§ Records to process
--*--

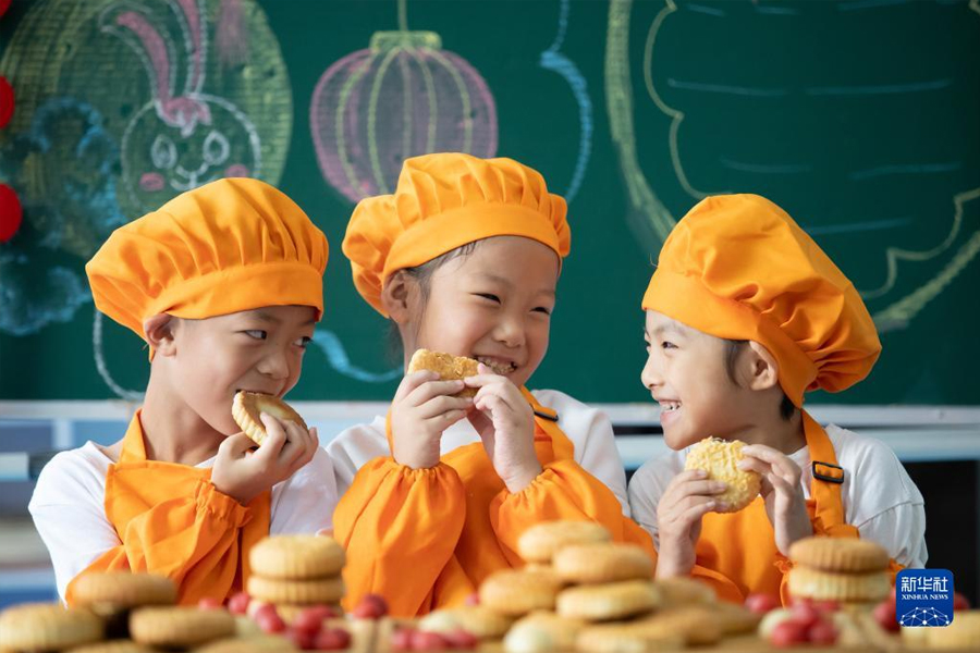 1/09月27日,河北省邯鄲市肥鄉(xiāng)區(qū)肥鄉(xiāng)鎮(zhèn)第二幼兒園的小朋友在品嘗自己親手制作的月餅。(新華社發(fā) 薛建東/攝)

--*--

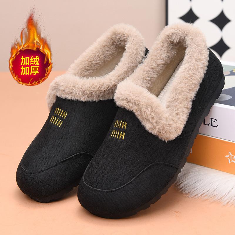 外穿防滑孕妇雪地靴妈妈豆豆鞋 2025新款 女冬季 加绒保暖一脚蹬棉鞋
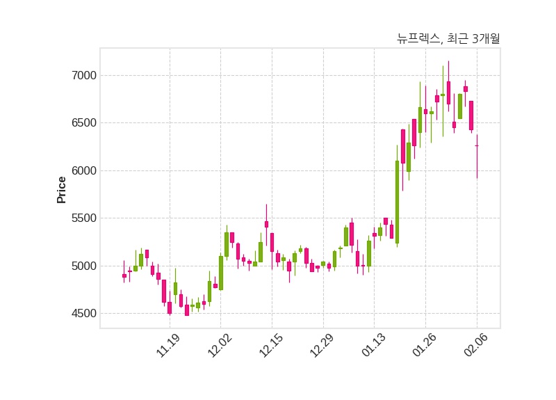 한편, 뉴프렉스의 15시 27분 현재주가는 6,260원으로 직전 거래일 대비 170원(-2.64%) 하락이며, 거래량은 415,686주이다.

--*--

§ What you will do
For the material above, give again only the lines starting at the line that contains "外穿防滑孕妇雪地靴妈妈豆豆鞋 2025新款 女冬季 加绒保暖一脚蹬棉鞋" and ending at the line that contains "한편, 뉴프렉스의 15시". Pictures do not belong in the copy.

§ Answer box
 外穿防滑孕妇雪地靴妈妈豆豆鞋 2025新款 女冬季 加绒保暖一脚蹬棉鞋
 한편, 뉴프렉스의 15시 27분 현재주가는 6,260원으로 직전 거래일 대비 170원(-2.64%) 하락이며, 거래량은 415,686주이다.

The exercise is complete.